Accanto a Margherita Bucineu ci sono anche il figlio Franco Sant e la nipote Ivana.

È lo stesso Franco, a indicarci da Lonzano la stalla semi diroccata dove venivano torturate alcune persone che poi venivano uccise nei boschi.

Sono stati loro a metterci in contatto con “nonna Nina”, la prima testimone diretta del “mistero di Rosazzo” «perchè sarebbe meglio che queste testimonianze – dice la nipote Ivana – vengano raccontate direttamente da una persona che quegli avvenimenti li ha vissuti personalmente e non indirettamente.

Non era nostra intenzione fare accuse, offese, creare scandali, ma solamente raccontarvi qualche aneddoto che i miei nonni ci hanno raccontato solo parzialmente durante il corso della loro vita».

«Anche a noi – dicono padre e figlia – il numero che viene stimato nel documento del Ministero degli Esteri pare assurdo. Non è possibile».

Margherita, nel frattempo, continua a raccontare. Una storia fatta non solo di misteri, scomparse e omicidi, ma anche, e soprattutto, di guerra e sopravvivenza.

«Vicino alla stalla – ricorda – i titini avevano costruito anche una galleria. Non so se esiste ancora, o hanno coperto con la terra. Vi infilavano di tutto: armi, munizioni, ma anche cibo e bevande che rubavano dai ricchi. Era profonda una decina di metri. Rastrellavano tutto dai paesi vicini, da Corno di Rosazzo a San Giovanni al Natisone. Si erano impadroniti della nostra casa perchè così dall’alto potevano controllare la zona. Loro mangiavano intorno al fuoco acceso, noi eravamo in disparte al freddo».

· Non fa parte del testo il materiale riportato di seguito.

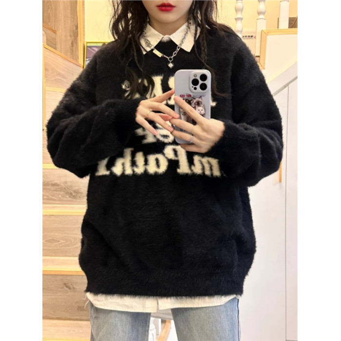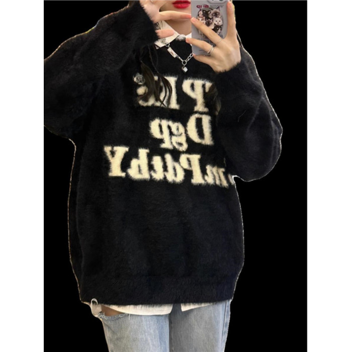 美式字母水貂絨毛衣女秋冬季高中初中學生大童女孩加絨加厚打底衫

Poco distanti, secondo quanto aggiunge Margherita, c’erano i tedeschi.

«Un giorno i tedeschi arrivarono nella casa di mio zio, poco sotto la stalla, con un cane. Annusava dappertutto per cercare le persone in casa. In quattro erano nascosti nel’armadio. Fortunatamente, il cane era più preso dalle galline che a cercare gli uomini. E si salvarono. Non so come ho fatto a sopportare quei tempi. Mi sento una sopravvissuta».

«E poi anche a Spessa ho sentito di altre persone uccise a colpi di martello. La gente del paese me ne ha parlato. Ma non ho mai visto con i miei occhi morire tranne quei quattro poveri disgraziati davanti a casa mia».

«Ormai sono passati 70 anni – conclude “nonna Nina” – È passato troppo tempo. Molti dei testimoni non ci sono più. Il Bosco Romagno è stato “ripulito”. Ed è scomparsa anche la memoria di chi perse la vita in quei posti».